Selma honors civil rights pioneers in Bloody Sunday commemoration

By WVUA 23 News Reporter Michaela Redmond

Thousands gathered at the Edmund Pettus Bridge in Selma Sunday, honoring the hundreds of peaceful civil rights demonstrators who wound up fighting for their lives on March 7, 1965.

On that fateful date, the protesters were met by members of law enforcement and their allies who beat protestors with clubs and let loose dogs, water guns and tear gas. Before it was over, 17 were hospitalized and dozens more were injured in what’s now known as Bloody Sunday.

But on March 6, 2022, those thousands gathered in celebration of how far we’ve come, and in remembrance of how it’s still not far enough. One way to change that is by ensuring more people vote, organizers said.

The Edmund Pettus Bridge is now a landmark for the Civil Rights Movement, and every year the event draws people from all over the U.S., including from the White House.

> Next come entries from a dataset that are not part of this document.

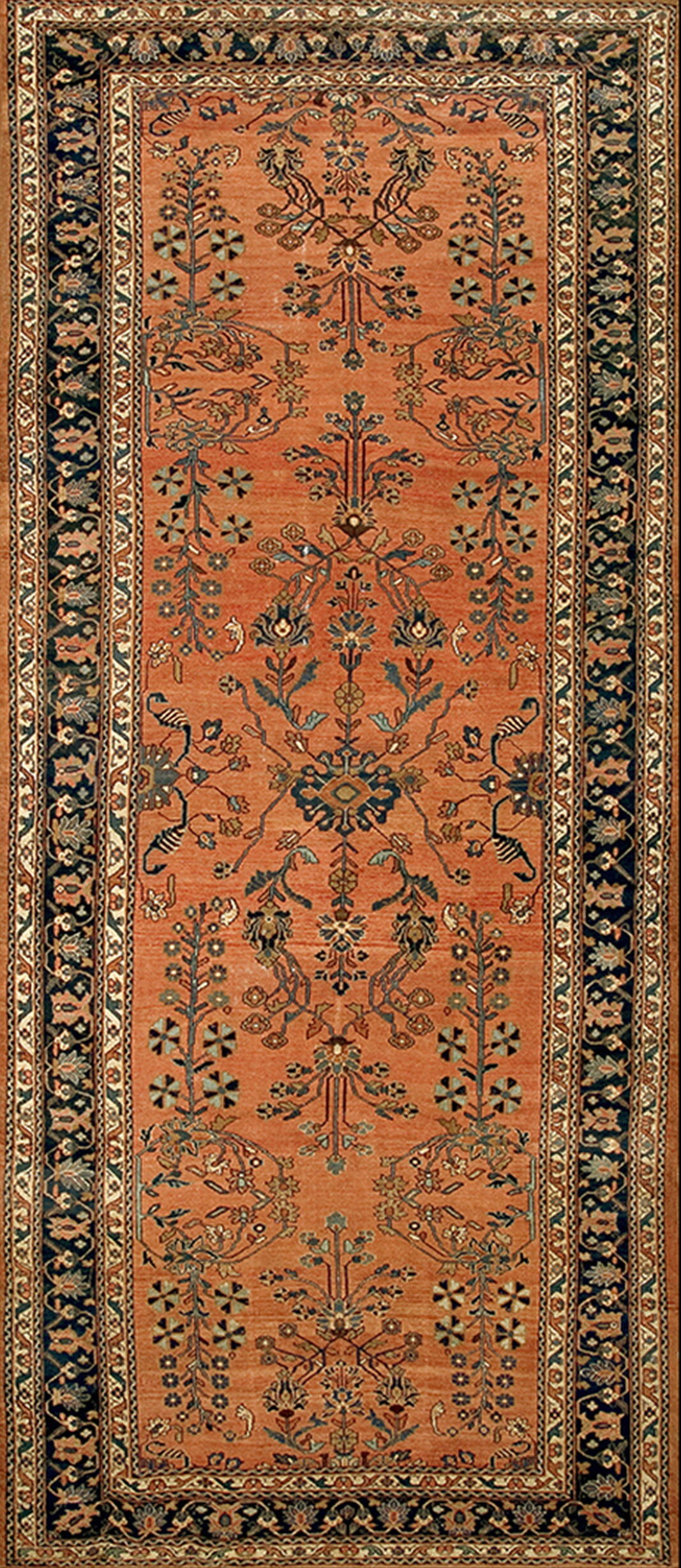 The field features a traditional Malayer allover design composed of finely drawn, stylized flowering vines and botanical elements. These repeating motifs, rendered primarily in deep indigo, teal, and soft gold, create a vibrant contrast against the warm ground, showcasing the weaver’s masterful use of natural dyes.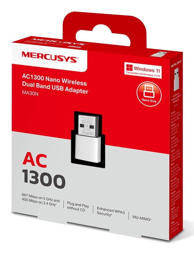 Mercusys MA30N. Tecnologia di connessione: Cablato, Interfaccia host: USB, Interfaccia: WLAN. Velocità massima di trasferimento dati: 1300 Mbit/s, Wi-Fi standard: Wi-Fi 5 (802.11ac), Banda Wi-Fi: Dual-band (2.4 GHz/5 GHz). Colore del prodotto: Bianco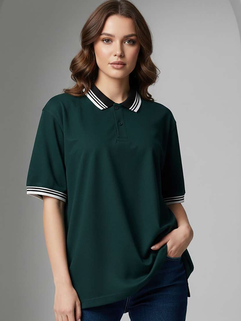 - » women solid short sleeve oversized polo t-shirt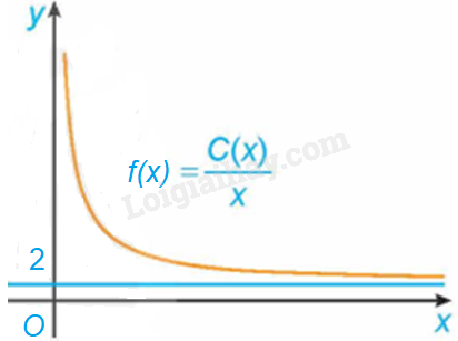 Điều này được thể hiện trong Hình 1.27 là đồ thị hàm số \(f\left( x \right) = \frac{{C\left( x \right)}}{x}\) có tiệm cận ngang là đường thẳng \(y = 2\) và đi xuống trong khoảng \(\left( {0; + \infty } \right)\).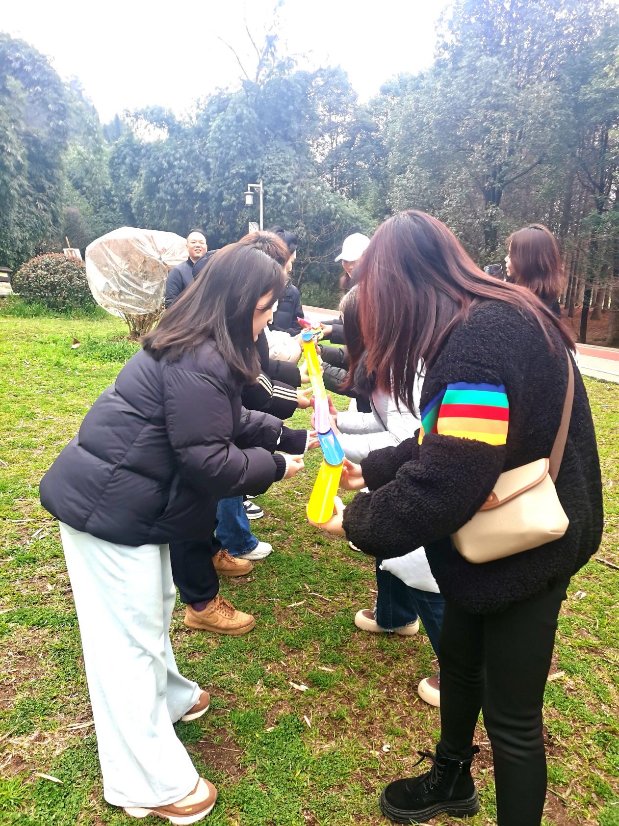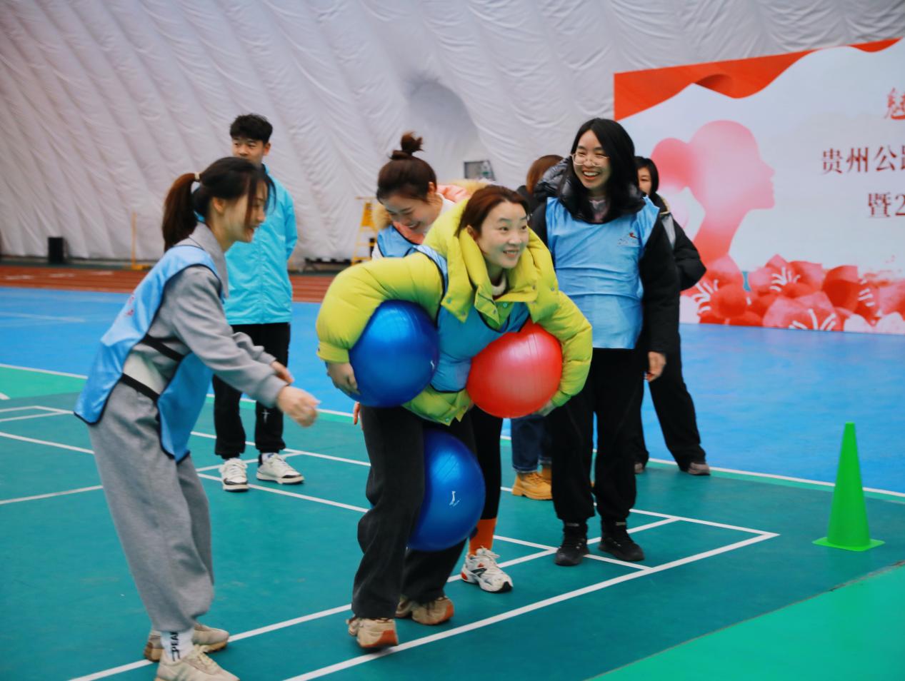 学法环节刚结束,现场秒变“大型团建现场”。“企鹅漫步”赛道上,大家抱着瑜伽球摇摇晃晃,像极了QQ表情包;“四人五足”环节,虽然喊着“一二一”却集体顺拐;“同舟共济”环节,大家挥洒汗水、团结协作,展现出巾帼不让须眉的飒爽英姿。

Alabama Democracy Centers Program Director Douglas Bonner has been coming to this event every year with his fraternity and started coming this year with Alabama Democracy Centers, too.

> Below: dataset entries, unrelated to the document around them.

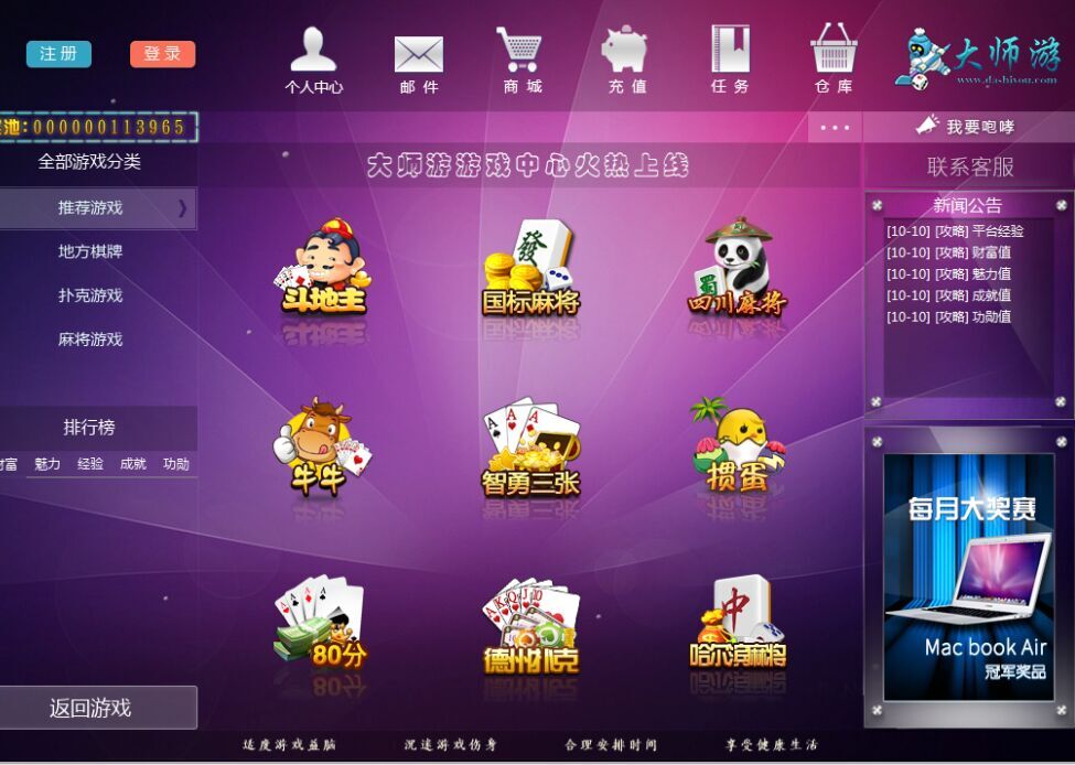 大师游游戏中心是由武汉拇指通科技有限公司自主研发的一款社交、竞技、休闲与一体的多功能棋牌游戏平台,他集互动道具炫酷特效,千人同场竞技,新概念防作弊分桌,任务系统,公会系统等于一身,为广大棋牌爱好者提供了一个全新概念的棋牌游戏平台。他们所提供的游戏如斗地主、血流成河、卡五星、掼蛋、国际麻将、够级等游戏,都是当前最为流行的或是具有地方特色的棋牌游戏,可以迎合广大棋牌爱好者的体验需求。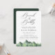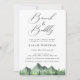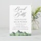 Rustik chic, vattenfärgsskog träd och bergslandskap, Brunch & Bubly inbjudningskort för möhippan. stil-mall för typografi av elegant med samordning av mörk grönt färg.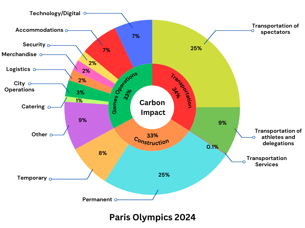 Travel and Accommodation Emissions: Approximately 50% of the Games emissions are from travel and accommodation, posing a major hurdle in reducing the overall carbon footprint.

The organization helps inform Alabamians of legislative bills and state actions and statistics.

“The vote is the most important thing for us to cherish and a lot of people sacrificed for us to be able to vote,” said Bonner. “Everything in Selma is built around the right to vote.”

Bonner’s fraternity brother E.C. Rentz II has also been coming every year, and helped Bonner bring Alabama Democracy Centers to Selma.

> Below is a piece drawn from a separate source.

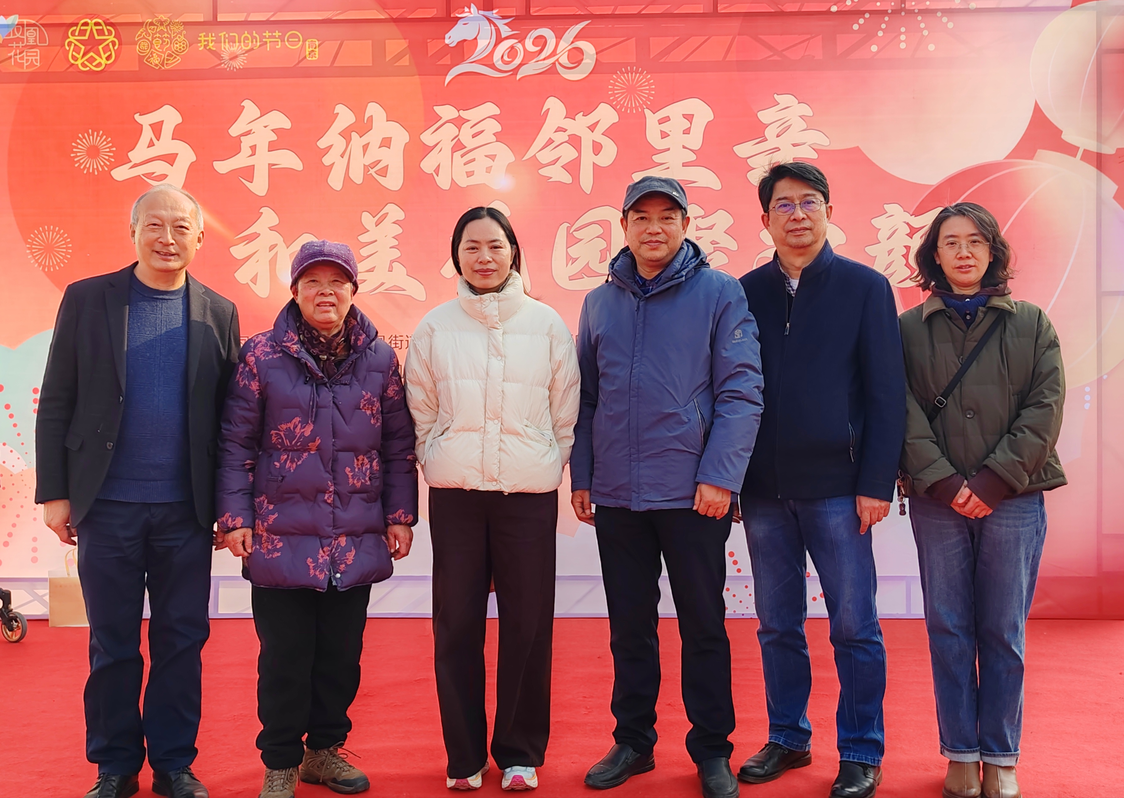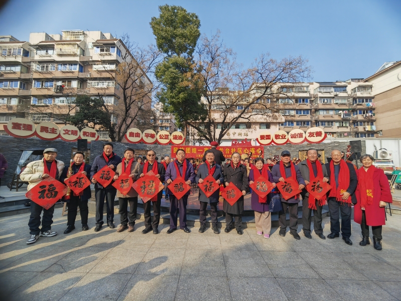 离退休干部第一党支部党员来到南京市鼓楼区凤凰街道凤凰花园社区附近的苏宁广场,与社区共同举办“马年纳福邻里亲 和美花园聚欢颜”迎新春主题活动。老同志们现场挥毫泼墨,笔走龙蛇间,一幅幅红底墨字的“福”字跃然纸上,浓郁的墨香扑面而来。

Rentz said the most important reason to come is to continue to advocate for voting.

“We are re-acting the incident that occurred 57 years ago, in which folks were fighting for their voting rights,” said Rentz. “That fight still continues today.”

Motorcycle club the Buffalo Soldiers was also at the celebration, and they’ve got ties back to the original march.

Everie Watson said that its only right that they come, since the club is based on the actual demonstrators and the name they use is the same one Native Americans gave the Selma protestors.

“This is just history, it’s just history,” said Watson. “It kind of emulates what we do as soldiers and we aren’t fighter but we emulate what they do.”

The bridge crossing happened at 4:30 p.m. with Vice President Kamala Harris at the forefront leading the march with civil rights pioneers.

Bonner said events like these help ensure more African Americans get signed up to vote.

“324,000 registered African Americans in the state of Alabama did not vote,” said Bonner. “Another 300,000 African Americans in the state of Alabama aren’t registered.”